22. The graph in Figure 2.49 shows the velocity of a motorcycle police officer plotted as a function of time. Find the instantaneous acceleration at times t = 3 s, at t = 7 s and at t = 11 s.

23. A test driver at Incredible Motors, Inc., is testing a new model car having a speedometer calibrated to read m/s rather than mi/h. The following series of speedometer readings was obtained during a test run. (a) Compute the average acceleration during each 2 s interval. Is the acceleration constant? Is it constant during any part of the test run? (b) Make a velocity–time graph of the data shown, using scales of 1 cm = 1 s horizontally and 1 cm = 2 m/s vertically. Draw a smooth curve through the plotted points. By measuring the slope of your curve, find the magnitude of the instantaneous acceleration at times t = 9 s, 13 s, and 15 s.

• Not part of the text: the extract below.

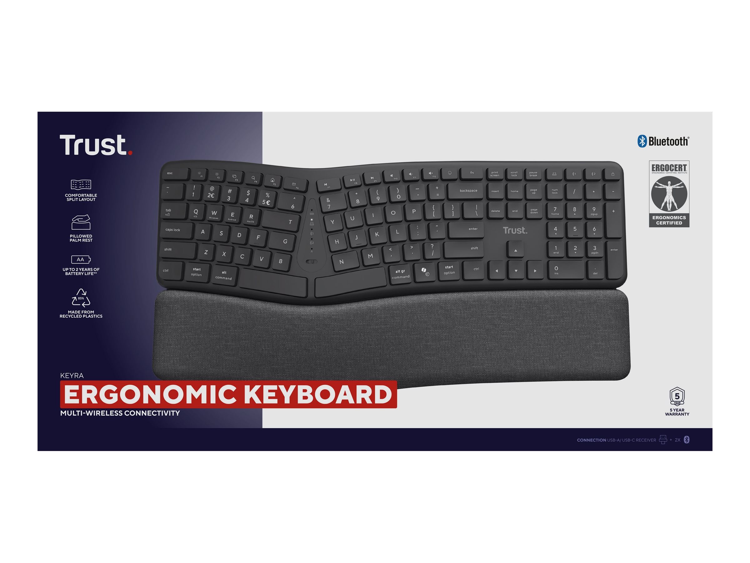 | Enhedstype | Tastatur - ergonomisk (splittet og buet) |

24. (a) The pilot of a jet fighter will black out at an acceleration greater than approximately 5g if it lasts for more than a few seconds. Express this acceleration in m/s2 and ft/s2. (b) The acceleration of the passenger during a car crash with an air bag is about 60g for a very short time. What is this acceleration in m/s2 and ft/s2. (c) The acceleration of a falling body on our moon is 1.67 m/s2. How many g’s is this? (d) If the acceleration of a test plane is 24.3 m/s2 how many g’s is it?

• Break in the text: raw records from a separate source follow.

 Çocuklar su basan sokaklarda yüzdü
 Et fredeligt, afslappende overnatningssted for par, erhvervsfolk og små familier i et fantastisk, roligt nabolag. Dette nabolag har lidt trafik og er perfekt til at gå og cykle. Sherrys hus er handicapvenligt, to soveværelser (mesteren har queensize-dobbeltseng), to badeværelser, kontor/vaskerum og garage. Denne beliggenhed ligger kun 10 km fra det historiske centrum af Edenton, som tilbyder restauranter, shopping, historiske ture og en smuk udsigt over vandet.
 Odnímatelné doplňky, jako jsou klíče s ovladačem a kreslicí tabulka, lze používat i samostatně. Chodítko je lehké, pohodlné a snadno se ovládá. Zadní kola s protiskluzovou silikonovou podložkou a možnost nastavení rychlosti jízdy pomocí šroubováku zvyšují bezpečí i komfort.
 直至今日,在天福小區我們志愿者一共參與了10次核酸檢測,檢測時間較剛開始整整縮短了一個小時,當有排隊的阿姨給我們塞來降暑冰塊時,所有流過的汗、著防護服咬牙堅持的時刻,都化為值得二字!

25. For each graph of velocity as a function of time in Figure 2.50, sketch a qualitative graph of the acceleration as a function of time.

26. A little cat, Bella, walks along a straight line, which we shall call the x axis, with the positive direction to the right. As an observant scientist, you make measurements of her motion and construct a graph of the little feline’s velocity as a function of time. (a) Find Bella’s velocity at t = 4.0 s and at t = 7.0 s (b) What is her acceleration at t = 3.0 s? at t= 6.0 s? at t = 7.0 s? (c) Sketch a clear graph of Bella’s acceleration as a function of time.

27. A car driving on the turnpike accelerates uniformly in a straight line from 88 ft/s (60 mph) to 110 ft/s (75 mph) in 3.50 s. (a) What is the car’s acceleration? (b) How far does the car travel while it accelerates?

28. Animal motion. Cheetahs, the fastest of the great cats, can reach 45 mph in 2.0 s starting from rest. Assuming that they have constant acceleration throughout that time, find (a) their acceleration (in ft/s2 and m/s2) and (b) the distance (in m and ft) they travel during that time.

29. A cat drops from a shelf 4.0 ft above the floor and lands on all four feet. His legs bring him to a stop in a distance of 12 cm. Calculate (a) his speed when he first touches the floor (ignore air resistance), (b) how long it takes him to stop, and (c) his acceleration (assumed constant) while he is stopping, in and g’s.

30. Blackout? A jet fighter pilot wishes to accelerate from rest at 5g to reach Mach 3 (three times the speed of sound) as quickly as possible. Experimental tests reveal that he will black out if this acceleration lasts for more than 5.0 s. Use 331 m/s for the speed of sound. (a) Will the period of acceleration last long enough to cause him to black out? (b) What is the greatest speed he can reach with an acceleration of 5g before blacking out?

31. A fast pitch. The fastest measured pitched baseball left the pitcher’s hand at a speed of 45.0 m/s. If the pitcher was in contact with the ball over a distance of 1.50 m and produced constant acceleration, (a) what acceleration did he give the ball, and (b) how much time did it take him to pitch it?

32. If a pilot accelerates at more than 4g, he begins to “gray out,” but not completely lose consciousness. (a) What is the shortest time that a jet pilot starting from rest can take to reach Mach 4 (four times the speed of sound) without graying out? (b) How far would the plane travel during this period of acceleration?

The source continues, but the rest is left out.